(Beginning of RECORDS)
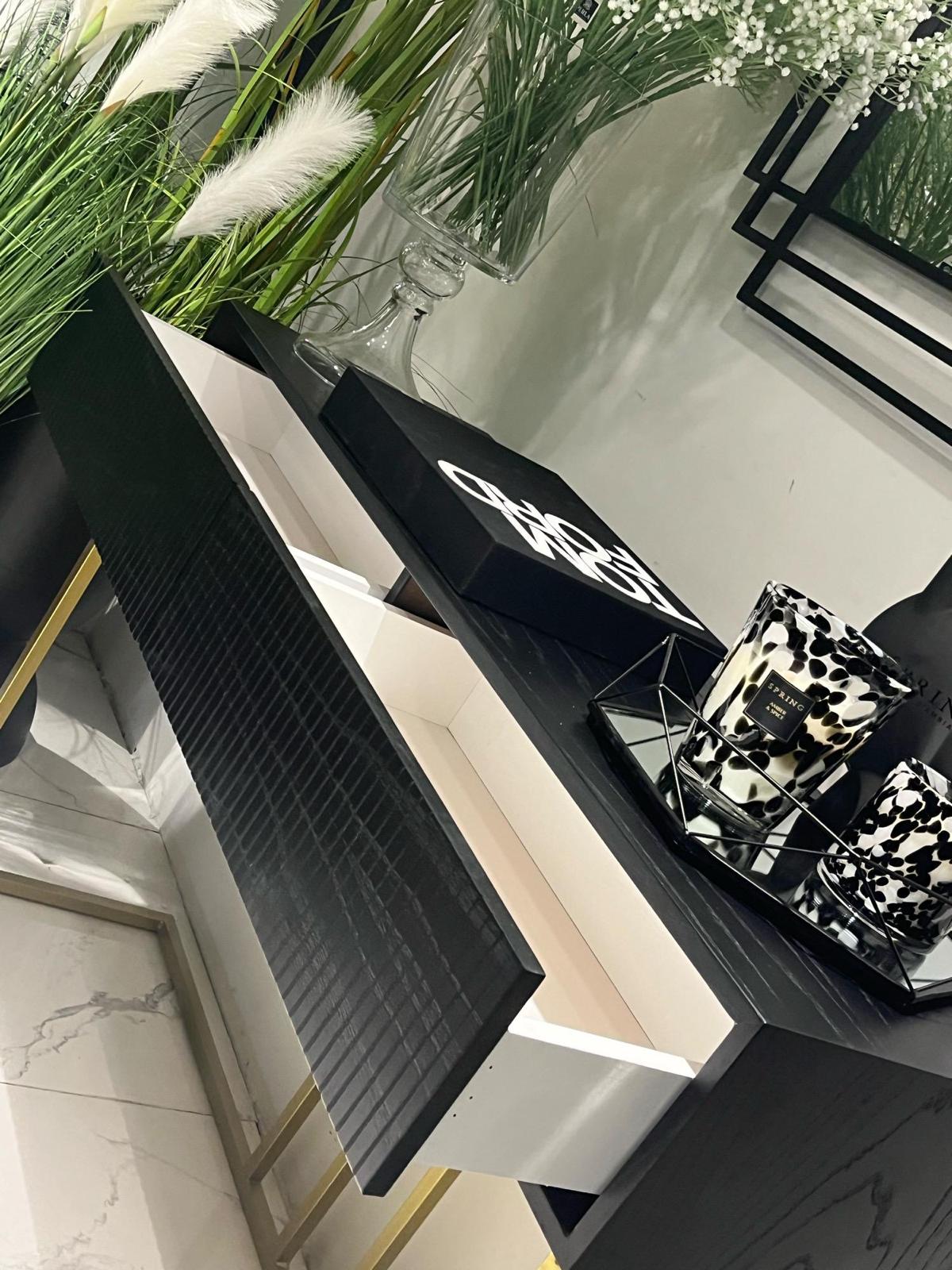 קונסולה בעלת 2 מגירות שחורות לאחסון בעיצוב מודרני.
(End of RECORDS)
(Beginning of RECORDS)
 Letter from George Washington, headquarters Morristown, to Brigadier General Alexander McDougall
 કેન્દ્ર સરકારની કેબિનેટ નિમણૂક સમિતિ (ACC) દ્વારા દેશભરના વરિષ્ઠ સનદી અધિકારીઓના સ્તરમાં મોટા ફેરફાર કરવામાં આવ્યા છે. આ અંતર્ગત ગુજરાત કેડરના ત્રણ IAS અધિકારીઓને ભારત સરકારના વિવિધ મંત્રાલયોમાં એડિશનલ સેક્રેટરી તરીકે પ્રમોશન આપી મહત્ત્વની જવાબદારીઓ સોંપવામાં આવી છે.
(End of RECORDS)
(Beginning of RECORDS)
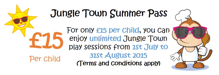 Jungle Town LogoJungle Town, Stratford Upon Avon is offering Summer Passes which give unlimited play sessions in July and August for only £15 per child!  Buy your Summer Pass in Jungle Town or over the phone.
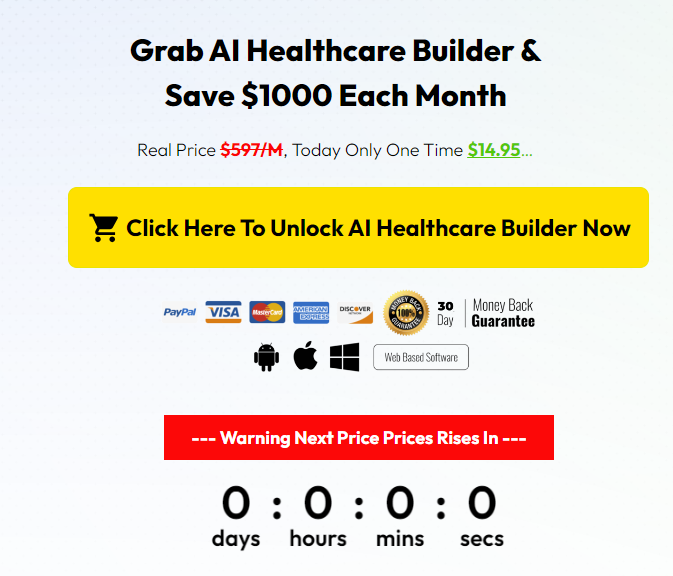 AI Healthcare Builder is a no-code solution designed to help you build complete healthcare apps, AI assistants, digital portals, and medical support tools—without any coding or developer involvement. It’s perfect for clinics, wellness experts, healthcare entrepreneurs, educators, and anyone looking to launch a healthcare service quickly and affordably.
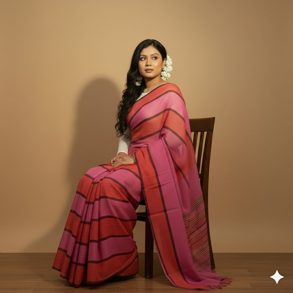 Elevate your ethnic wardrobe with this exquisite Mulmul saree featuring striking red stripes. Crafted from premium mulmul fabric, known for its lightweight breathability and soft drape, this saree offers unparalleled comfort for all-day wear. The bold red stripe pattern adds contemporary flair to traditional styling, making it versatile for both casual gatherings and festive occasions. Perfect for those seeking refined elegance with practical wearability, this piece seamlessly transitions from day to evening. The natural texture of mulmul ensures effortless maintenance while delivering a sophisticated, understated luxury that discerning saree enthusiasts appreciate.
(End of RECORDS)
◆ EXERCISE REQUIREMENTS: After locating the line containing "Jungle Town LogoJungle" in the entries above, return it and every line after it exactly, ending at the line containing "Elevate your ethnic", without pictures.

◆ FINISHED TASK:
 Jungle Town LogoJungle Town, Stratford Upon Avon is offering Summer Passes which give unlimited play sessions in July and August for only £15 per child!  Buy your Summer Pass in Jungle Town or over the phone.
 AI Healthcare Builder is a no-code solution designed to help you build complete healthcare apps, AI assistants, digital portals, and medical support tools—without any coding or developer involvement. It’s perfect for clinics, wellness experts, healthcare entrepreneurs, educators, and anyone looking to launch a healthcare service quickly and affordably.
 Elevate your ethnic wardrobe with this exquisite Mulmul saree featuring striking red stripes. Crafted from premium mulmul fabric, known for its lightweight breathability and soft drape, this saree offers unparalleled comfort for all-day wear. The bold red stripe pattern adds contemporary flair to traditional styling, making it versatile for both casual gatherings and festive occasions. Perfect for those seeking refined elegance with practical wearability, this piece seamlessly transitions from day to evening. The natural texture of mulmul ensures effortless maintenance while delivering a sophisticated, understated luxury that discerning saree enthusiasts appreciate.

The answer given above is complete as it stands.